Till $t=7.5$ second, both the controllers maintain the ball position within 0.009±0.001 m which is a safe zone. However, for the LQR approach, after $t=7.5$, the ball quickly crosses the safe zone and oscillates continuously outside the allowable position which shows the BIBO instability. In practical applications, beyond the safe zone, the electromagnet may not capable to hold the levitating object. This may cause the falling of the object and cause damage. However, the DESO-FLC maintains the ball position and BIBO stability around the reference value (r). It is observed from Figure 15 and Figure 16 that the LQR has consumed a very huge amount of coil current (around $I_{avg}=1.6$A) and coil voltage (around $V_{avg}=18.5$ V) to govern the MLS. However, in the proposed design, these electrical quantities are minimal around 1.4A and 16.1V respectively. Also, the Integral Square Error (ISE) and Integral Time Absolute Error (ITAE) have again shown the least amount for the DESO-FLC approach as shown in Table 4.

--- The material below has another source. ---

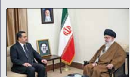
محمد شیاع السودانی، نخست‌وزیر عراق پیش از ظہر دیروز در دیدار با رہبر انقلاب اسلامی، بہ نمایندگی از دولت و ملت این کشور، ضایعہ درگذشت رئیس‌جمهور و وزیر امور خارجه و ہمراہان ایشان را بہ حضرت آیت‌اللہ خامنہ‌ای و ملت ایران تسلیت و تعزیت گفت. بہ گزارش پایگاہ اطلاع‌رسانی دفتر مقام معظم رہبری، آقای سودانی در این دیدار خطاب بہ دیدار انقلاب گفت: در این شرایط متأثرکنندہ بہ دیدار حضر تعالی آمدم تا مراتب حزن، اندوہ و تعزیت دولت و ملت عراق را بہ دولت و ملت ایران اعلام کنم. آنچه ما از آقای رئیسی، رئیس‌جمهور شہید ایران دیدیم چیزی جز صدق، اخلاص، پاکسی، «کار و تلاش» و خدمت بہ مردم نبود. نخست‌وزیر عراق همچنین با اشارہ بہ حضور میلیون‌ها نفر در مراسم تشییع رئیس‌جمهور شہید ایران گفت: تصاویری کہ من از تلویزیون دیدم پیام‌های روشنی داشت کہ مہم‌ترین پیام آن، عمق ارتباط مستحکم مردم با مسوولان در جمہوری اسلامی، بہ‌رغم ہمہ فشارها و تحریم‌ها و این حادثہ ناگوار است. آقای سودانی تأکید کرد: پیام دیگر

محمد شیاع السودانی، نخست‌وزیر عراق پیش از ظہر دیروز در دیدار با رہبر انقلاب اسلامی، بہ نمایندگی از دولت و ملت این کشور، ضایعہ درگذشت رئیس‌جمهور و وزیر امور خارجه و ہمراہان ایشان را بہ حضرت آیت‌اللہ خامنہ‌ای و ملت ایران تسلیت و تعزیت گفت.

Hence, it can be stated that the DESO-FLC tackles the mismatched lumped disturbances and stabilizes the steel ball with the least amount of energy consumption.

6. Conclusions

The limitations of the conventional Extended State Observer (e.g. integral chain structure, matching disturbance, etc.) have been compensated by introducing the Dual ESO (DESO). The DESO is capable of estimating the mismatched lumped disturbance (external, internal, or combined) and its derivative simultaneously. We have assumed that the disturbance and its derivative are bounded which is quite obvious. Further, the disturbance rejection capabilities and the performance robustness of the traditional Feedback Linearizing Control approach have been strengthened by proposing the DESO Based FLC (DESO-FLC) approach. The efficacy of the proposed research has been verified via simulation for the Magnetic Levitation System which is a third-order nonlinear, unstable, and disturbed system. We have considered the external payload disturbance with various slow-varying signals (i.e. sinusoidal, saw-tooth, square) and the uncertain parameters ($\Delta$$K_m$, $\Delta$$M_b$) as the mismatched lumped disturbance for the MLS. It has been observed from the theory and the simulation that the proposed DESO-FLC approach is more robust than the LQR and conventional FLC approaches in rejecting the disturbances. Also, the proposed approach has consumed lesser electrical energy and shown the least integral errors (i.e., ISE, ITAE) compared to the rest.